The Trust logo is derived from the brick statue at the front of the hospital which represents the family surrounded by 'caring hands'. The statue was commissioned as a welcome to the hospital in 1991 as part of the Phase 3 extension to the hospital. It was installed in 1994, initially at the first roundabout of the hospital grounds and then moving to its current position at the front entrance. It was erected in time for the official opening of Phase 3 by the Queen in December 1994. This was also the year that our NHS Trust status was made official.
The artist, John McKenna, was given a brief to provide a welcome to the hospital site. At the time John lived in the West Midlands and had a young family, parents and grandparents. His idea for the work is based on the extended family unit, with the caring hands representing the hospital's foundation and its roots in caring for the health of our community.
The bricks were inspired by local industry at that time, such as car manufacture and coal mining, and on 'Stanley's brick yard' which used to be in the area.

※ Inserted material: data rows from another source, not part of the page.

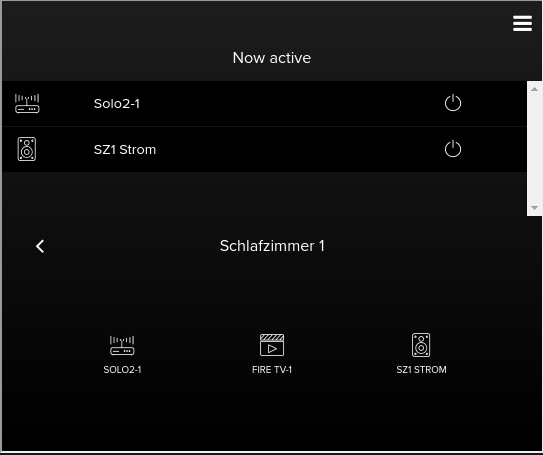 So in etwa sehen alle Zimmer aus bzw. jetzt ist noch Licht hinzugekommen. Man sieht die Harmony Aktionen, Strom und auch Licht schön aufgeräumt.
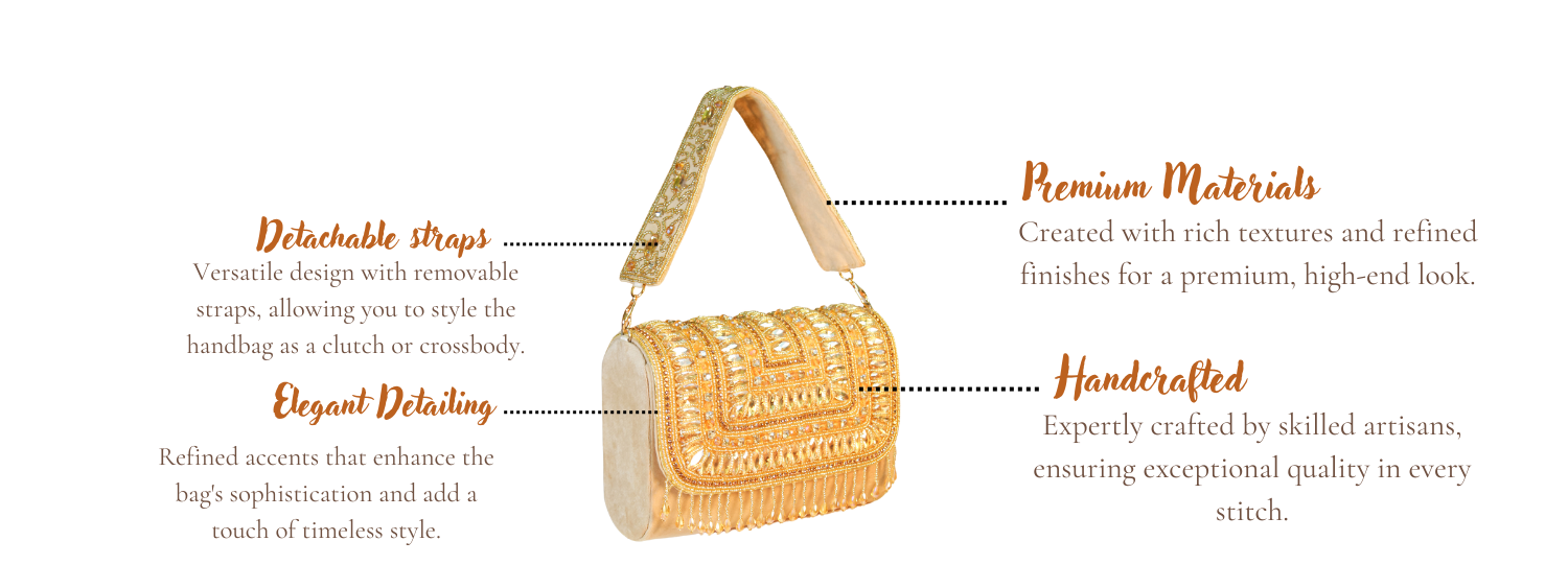 You’re getting ready for a night out and spot the Vaani Golden Purse. Its shiny gold colour practically screams, “I’m here to make an entrance!” As you walk into the event, the purse catches the light, and everyone’s attention. It’s stylish and surprisingly spacious. Your phone, cards, and lip gloss fit perfectly, leaving you plenty of room to still carry your confidence. The Vaani Golden Purse isn’t just a bag, it’s the fun, chic way to add some sparkle to your evening.
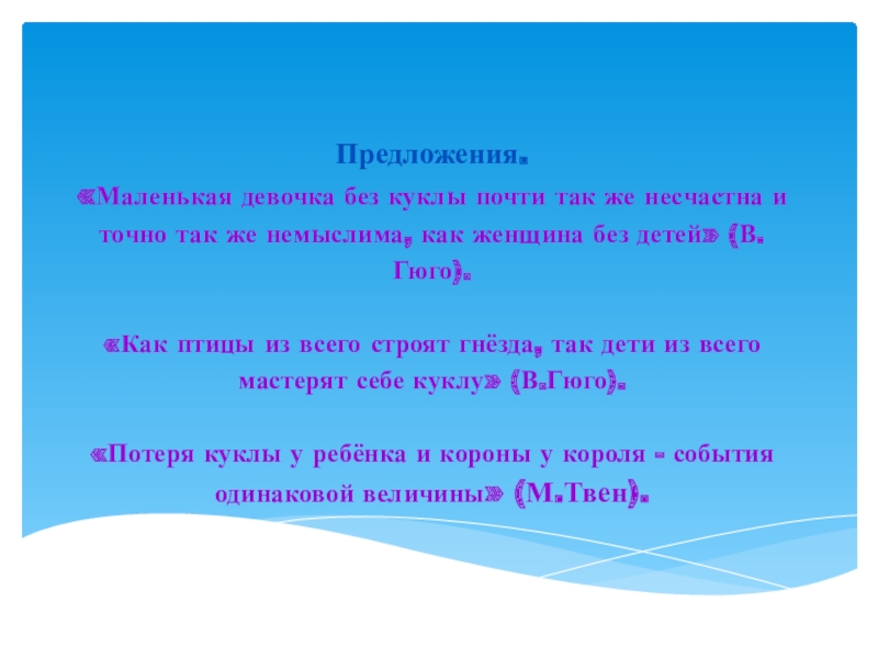 Слайд 10Предложения. «Маленькая девочка без куклы почти так же несчастна и точно так же
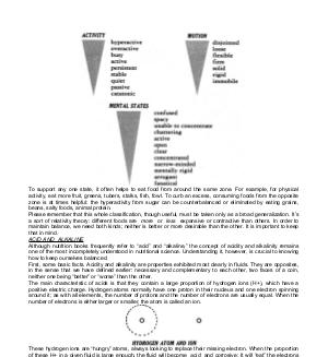 To support any one state, it often helps to eat food from around the same zone. For example, for physical activity, eat more fruit, greens, tubers, stalks, fish, fowl. To curb an excess, consuming foods from the opposite zone is at times helpful: the hyperactivity from sugar can be counterbalanced or eliminated by eating grains, beans, salty foods, animal protein. Please remember that this whole classification, though useful, must be taken only as a broad generalization. It’ s a sort of relativity theory: different foods are more or less expansive or contractive than others. In order to maintain balance, we need both kinds; neither is better or more desirable than the other. It is important to keep that in mind. ACID AND ALKALINE Although nutrition books frequently refer to“ acid” and“ alkaline,” the concept of acidity and alkalinity remains one of the most incompletely understood in nutritional science. Understanding it, however, is crucial to knowing how to keep ourselves balanced. First, some basic facts. Acidity and alkalinity are properties exhibited most clearly in fluids. They are opposites, in the sense that we have defined earlier: necessary and complementary to each other, two faces of a coin, neither one being“ better” or“ worse” than the other. The main characteristic of acids is that they contain a large proportion of hydrogen ions( H +), which have a positive electric charge. Hydrogen atoms normally have one proton in their nucleus and one electron spinning around it; as with all elements, the number of protons and the number of electrons are usually equal. When the number of electrons is either larger or smaller, the atom is called an ion.

Reginald Stanley was part of the group of local business men who funded the first hospital in Nuneaton (Manor Hospital), which housed Accident & Emergency, Outpatients, Children's, and Orthopaedic wards until they moved to the George Eliot site in 1993 and into the newly built Phase 3 extension.
The Hospital was named after the famous woman author, 'George Eliot', who was an English novelist, journalist, translator and one of the leading writers of the Victorian era.